Crazy in Love
I met this girl. She had a smile that made me melt inside. I began talking to her every day and quickly fell in love. We'd been talking about getting married and it felt so certain. It was all I wanted. No. She was all I wanted. I loved her with every ounce of my soul. She was part of me. I thought we were destined to be together. I loved her so much that if I wasn't talking to her I'd rather not talk at all. We used to just stare into each other's eyes and know that everything was gonna be okay as long as we were together. We didn't even need to talk sometimes we already knew what was going to be said.
But now, those three words that meant so much, mean so little. One night I was by myself and I felt like hearing her voice so I called her. She answered and while we were talking I hear her some guy in the background say "babe get off the phone already!" And I just cringed and told her that I had to go. My phone kept going off and it was her every time. I just sat there in my room considering what I thought were options. I wanted to die almost as much as I had wanted her. I felt so betrayed. I went on Instagram and was looking at her photos. I saw this guy in her comments and they were flirting with each other. I felt like the life was leaving my body. But it was just the love.
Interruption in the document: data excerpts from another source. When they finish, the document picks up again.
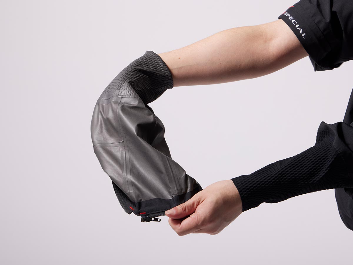 鮎釣りの動作で引っかかりやすい袖口のベルクロを排除しながらも、袖口のフィット感、防水性を向上させた新機構のレインジャケット。立ち込み時にも水に干渉しにくいベリーショート丈。ベストの上からでも着用できる少しワイドな設計。ファスナーで取り外しできる袖構造で蒸し暑い日には半袖レインとして着用可能。高い防水性と透湿性を持ち、裾からの水の吸いあげが起きにくいGORE‑TEX PACLITE® 生地を採用。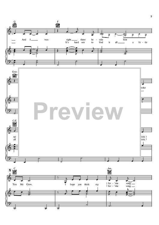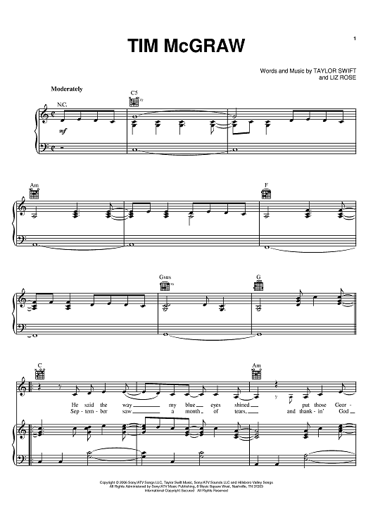 Digital Sheet Music for Tim McGraw by Liz Rose, Taylor Swift scored for Piano/Vocal/Chords; id:393706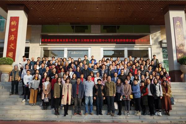 2019年12月27日下午,容山中学集贤楼报告厅济济一堂,来自全区中小学220多名美术教师以及区教育发展中心教师发展研究室主任唐信焱、副主任吴海坚,区美术教研员王育群老师齐聚这里,参加了一场别开生面的美术教研活动。活动由顺德区教育发展中心、顺德区名师工作室建设项目管理办公室主办,顺德区容山中学、顺德区刘磊名师工作室承办,容山中学侯柏羽老师担任活动主持。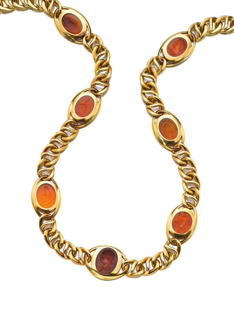 A similar color spectrum is typical for carnelian, the red variety of chalcedony. Carnelian (also spelled cornelian) has been known since ancient times. It was widely used during Roman times as a material for carved pieces, such as seal rings, or engraved gems. Carnelian can be heated to enhance the intensity of the redness of its color, and even the heat of the Sun is sometimes enough to enrich the final result.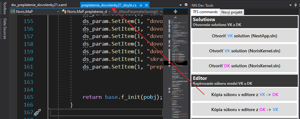 Prekopíruje aktuálny súbor vývojovej verzie otvorený vo Visual Studio do aktuálnej distribučnej verzie. Takto prekopírovaný súbor je možné potom pred TFS Checkinom skontrolovať a zrevidovať.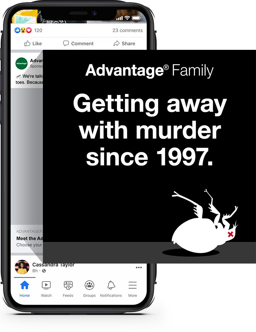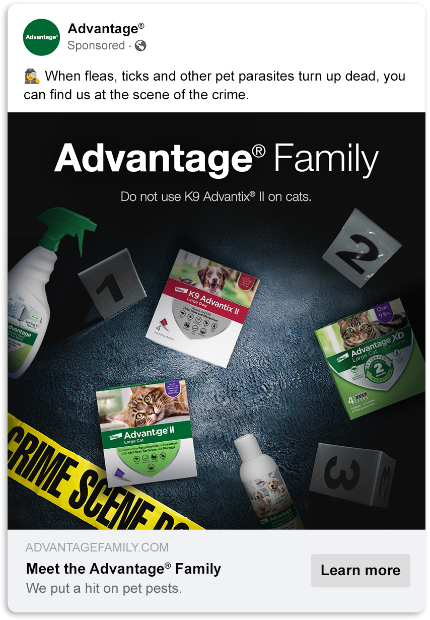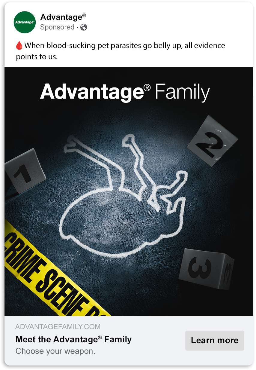Bold headlines and punchy reveals arrest consumer attention. I created dramatic imagery themed around flea death and organized crime to expand the Advantage Family’s story while creating intrigue.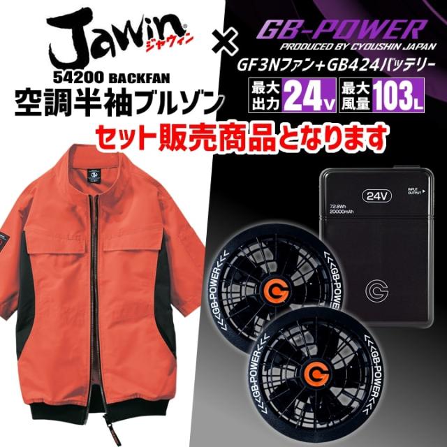 【即日発送】空調服 半袖ブルゾン サイドファン JAWIN 54200 バッテリー&ファンセット GB-POWER 24V 遮熱 アルミコーティング UVカット 熱中症対策 軽量 撥水加工 空調作業服 フルセット ファン付きウェア 自重堂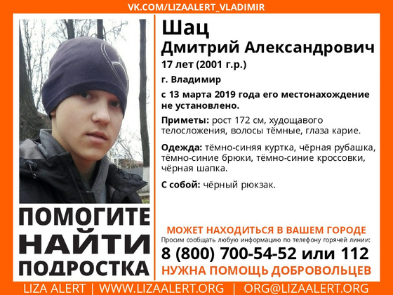Областной поисковый отряд "Лиза Алерт" просит жителей Владимирской области оказать содействие в поисках без вести пропавшего Дмитрия Шаца 2001 года рождения. С 13 марта его местонахождение не установлено.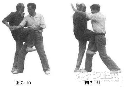 对方打右中平拳,我以右手接其腕,左手抚其七臂,向后下方将带,乘势从外侧上左足;同时,提右膝以顶其胸(图7一40).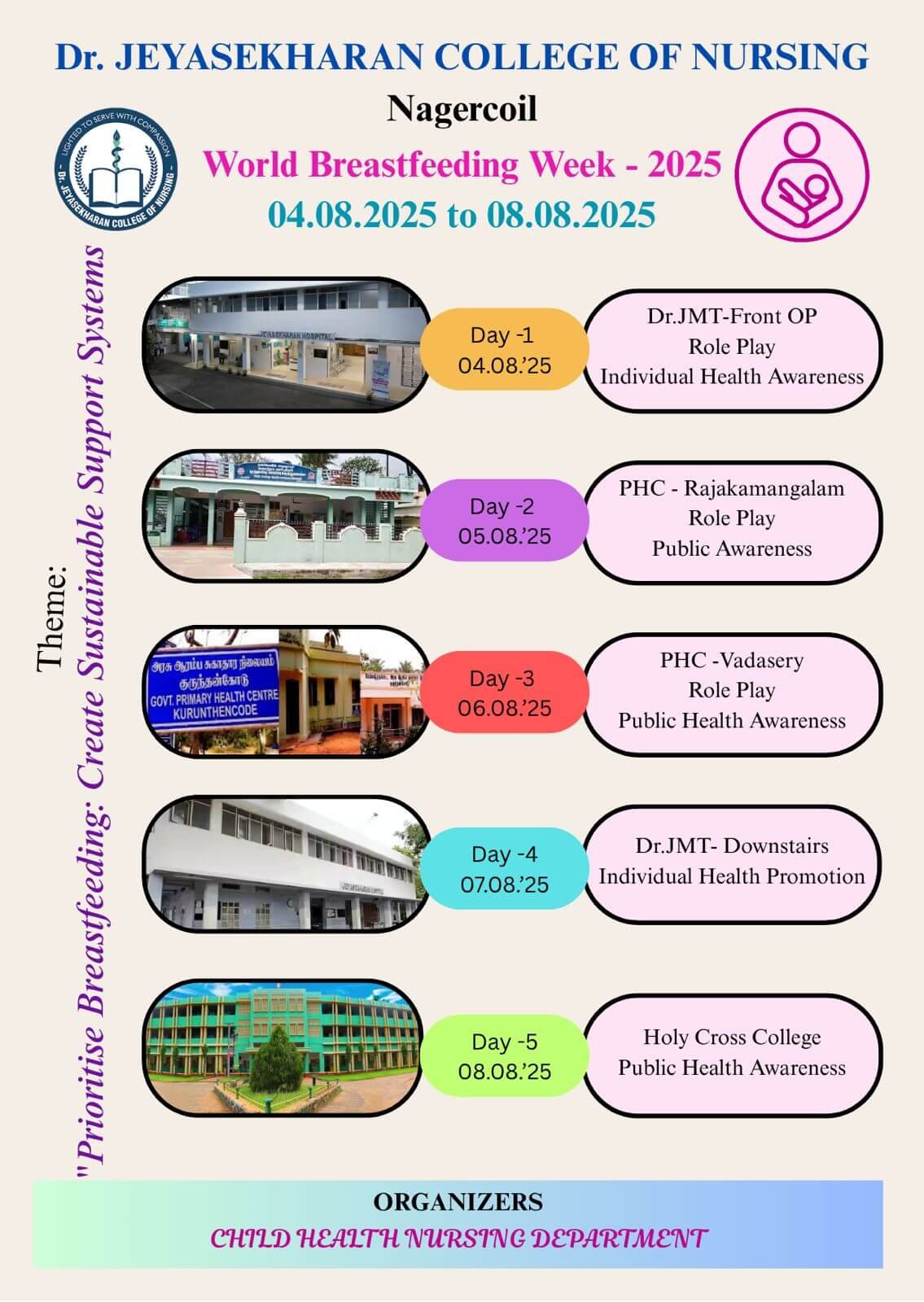 The first week of August (01.08.2025 – 07.08.2025), Dr. Jeyasekharan College of Nursing Celebrated World breastfeeding week with the theme “Prioritise Breastfeeding: Create Sustainable Support Systems” B.Sc Nursing VI semester students took part actively throughout the week in various activities.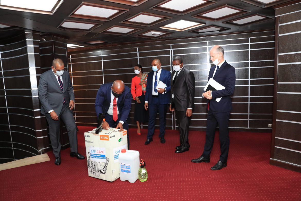 Ce premier don constitué de 20 000 litres de solutions hydro alcooliques, produites par le Groupe SABC, Total Cameroun, le Groupe CFAO et SOCUCAM, marque la première étape d’une série d’actions qui se dérouleront dans les institutions sanitaires de Yaoundé, Douala et Bafoussam, déclarés centres COVID-19, par le ministère de la Santé publique. Egalement dans ce package, 20 atomiseurs motorisés de marque STIHL/CAMCI, 200 kits sanitaires composés de fût fontaine, savons, sceau et masques chirurgicaux, des lampes solaires à destination des établissements de santé, des masques et autres protections à destination des institutions sanitaires, des visières de protection à destination des institutions sanitaires, des masques en tissu à destination du grand public, apprend-on des sources officielles de CCEF et CAFCAM.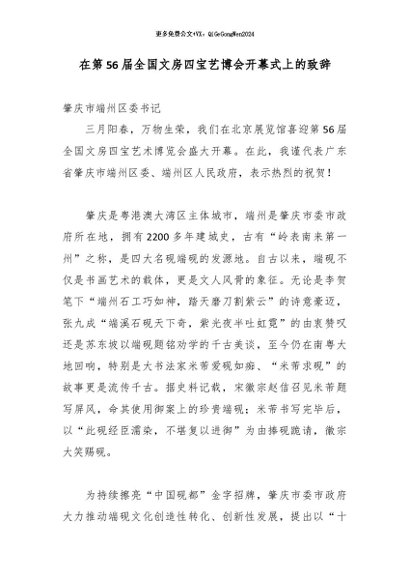 【七哥公文】2026年:在第56届全国文房四宝艺博会开幕式上的致辞_副本+更多免费公文+VX:QiGeGongWen2024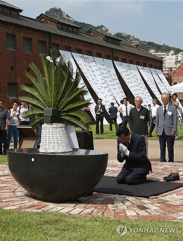 當(dāng)?shù)貢r(shí)間2015年8月12日,正在韓國(guó)訪問的日本前首相鳩山由紀(jì)夫參觀了首爾“西大門刑務(wù)所”博物館,并在追悼碑前跪地禱告。據(jù)悉,西大門刑務(wù)所始建于1908年,用于關(guān)押反抗日本殖民統(tǒng)治的韓國(guó)抗日義士。鳩山由紀(jì)夫表示,日本理應(yīng)承認(rèn)殖民侵略歷史。(圖片來源:網(wǎng)絡(luò))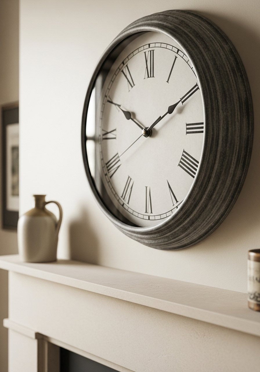 My first clock was too shiny. Aim for matte or aged finishes. Surround it with low objects so the clock stays the focal point.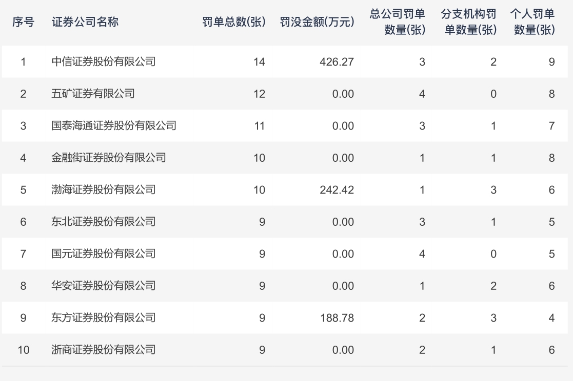 从券商罚单排名来看,中信证券受罚较多,一共收到了14张罚单,但罚没金额仅426.27万元;东海证券收到的罚单数量没排进前十,但一张6000万元罚单就使其成为2025年受罚最重的券商。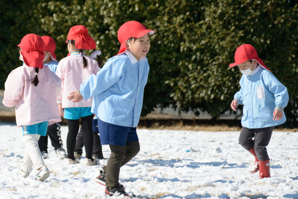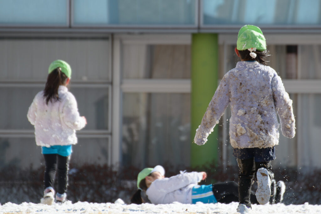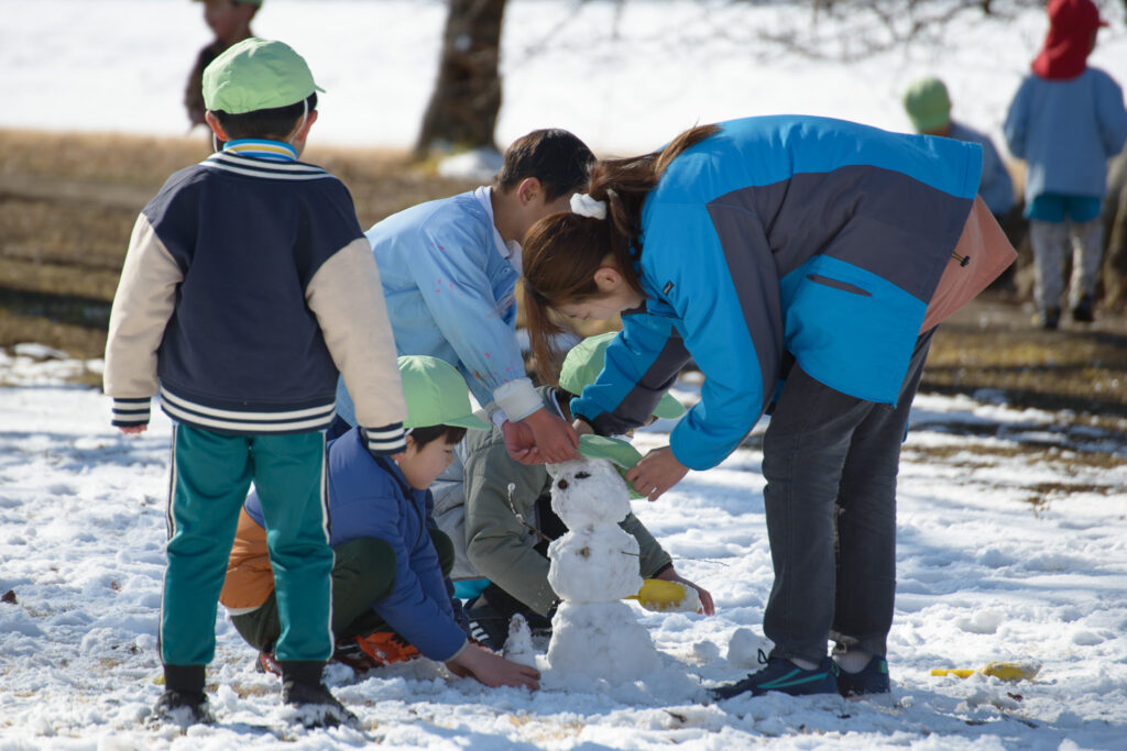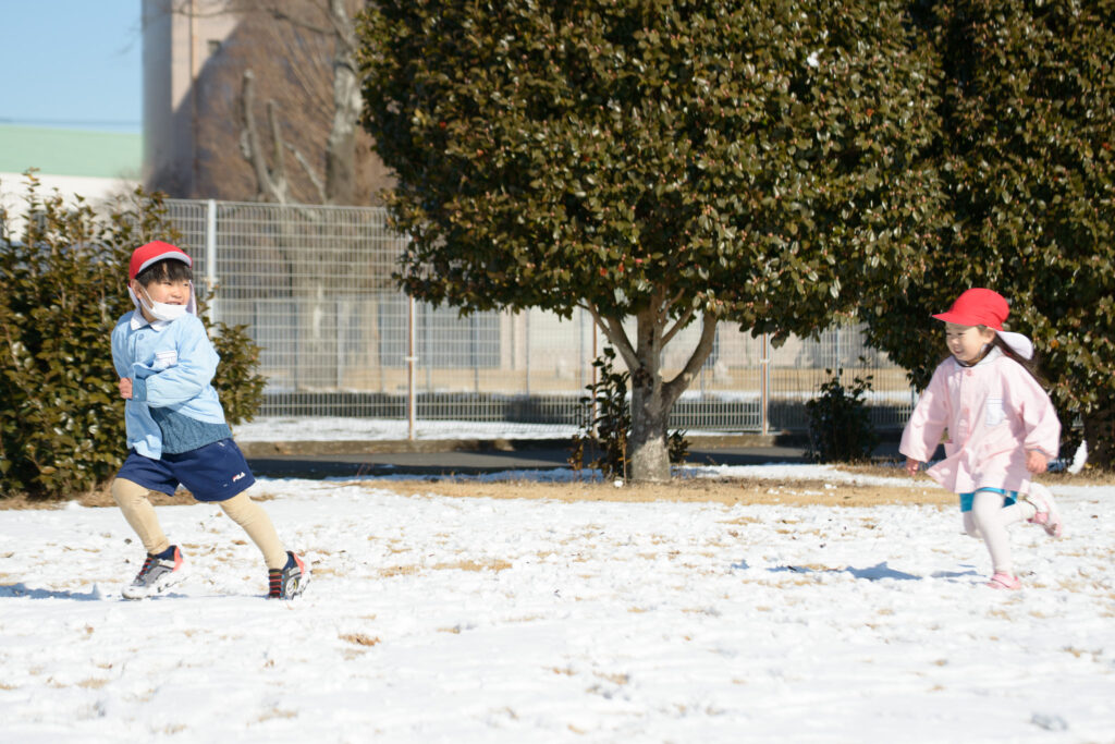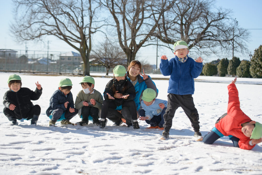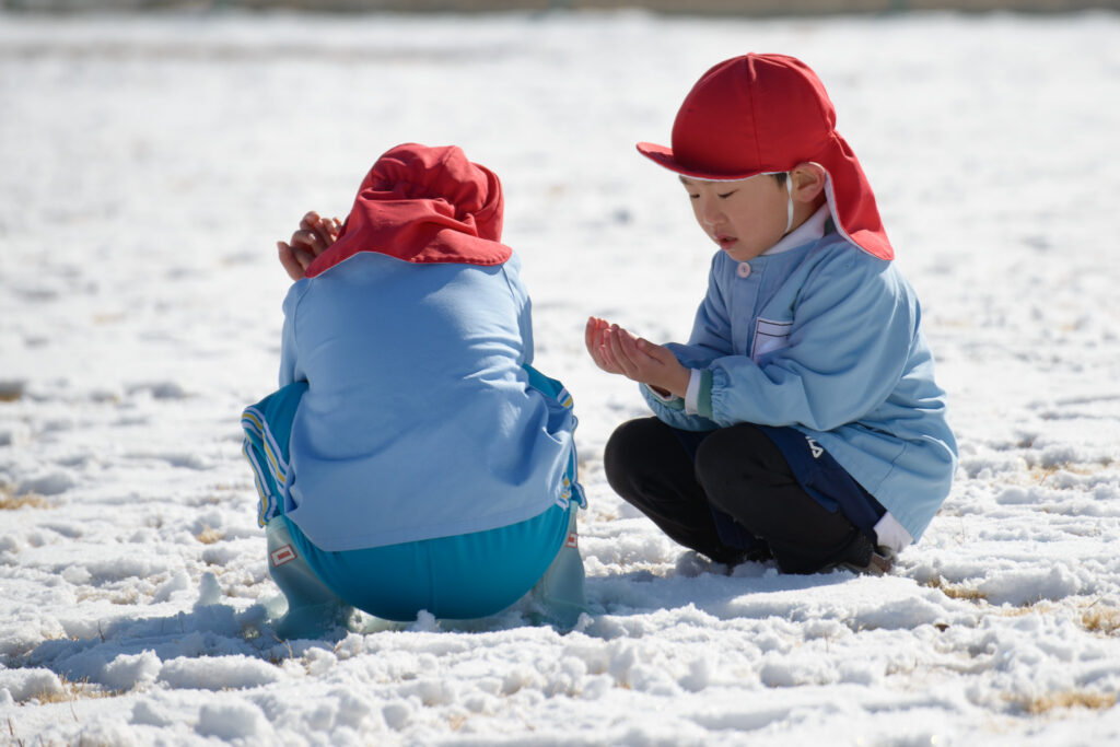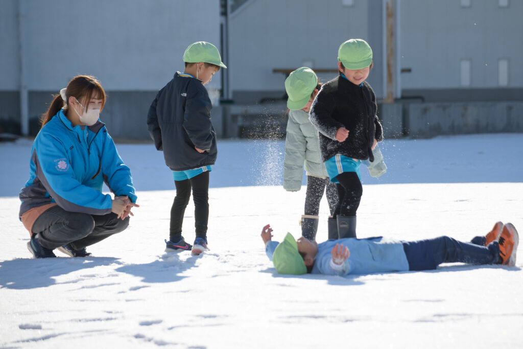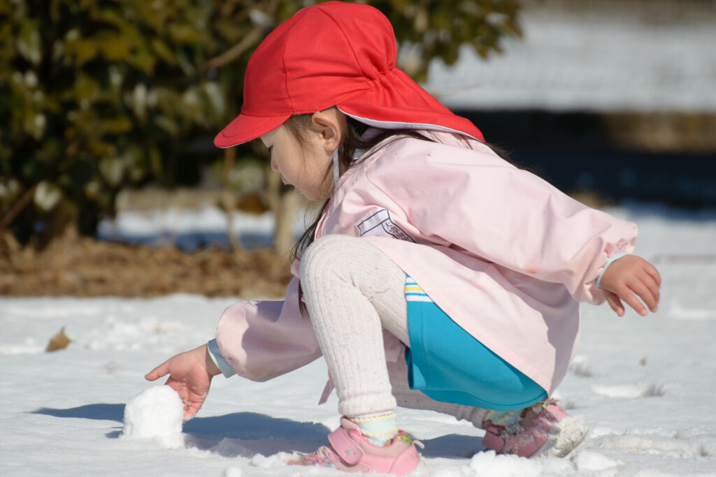 芝生の雪はふわふわで、触ると「柔らかいね」、「つめたい!」と言いながらも、雪の上で寝転んだり、雪だるまを作ったりとても楽しそうでした⛄️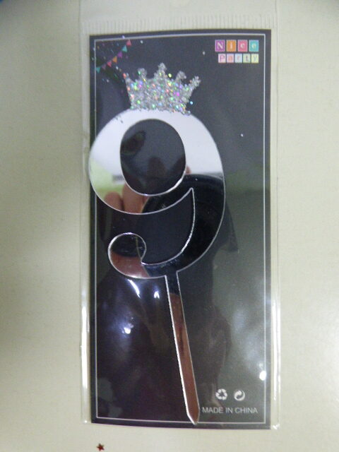 CAKE TOPPER NUMERO 9 CORONITA PLATA MARCA: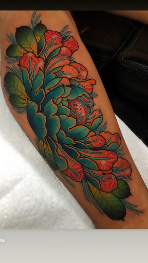 适合女性的一组炫彩牡丹纹身图案9张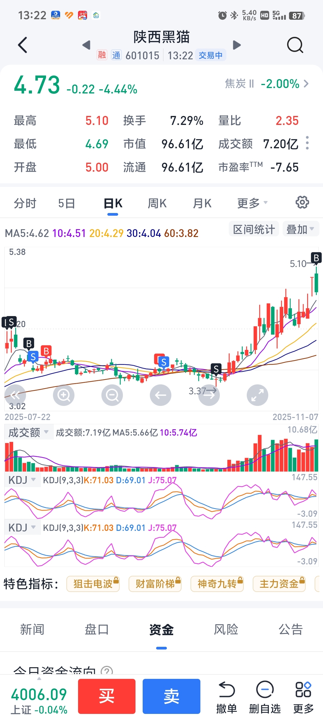 $陕西黑猫(SH601015)$ 又是我的错,卖完大涨40%,买入下跌翻绿4.44%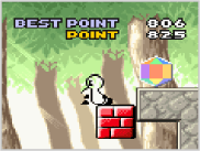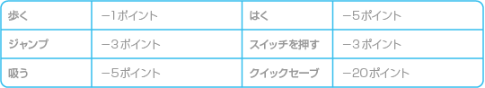 各面にはそれぞれ初期ポイントが設定されています。ポイントは“はっくん”を動かしたりすると減っていき、面をクリアすると残ったポイントを獲得できます。各面ごとに、これまでに獲得した最高ポイントはベストポイントとして保存されます。 |

I ended the relationship. She said she was sorry and tried to "explain". There were no words to take away that kind of pain. This tore me up for months. I could hardly stand hearing her name. All of "our songs" were ruined. I felt like I climbed back inside the shell she forced me to break through. I hid from the sunshine and the possibility of finding someone else.
The Darkness Passed
But in the midst of this, I found myself. I suffered all those nights only to wake up every day. I thought so often about leaving this world behind, but now I realize I was so blind. I couldn't see that the darkness was only for the moment. I didn't know that it would pass. I thought it never would honestly.
But I'm telling YOU now that the dark moments in life are what define us. We can choose to sink in our issues until we're in over our heads or we could find a way, no matter how long it takes, to climb out of the deep darkness. You will be yourself again just give it time. Just breathe. There are better days ahead I promise you this.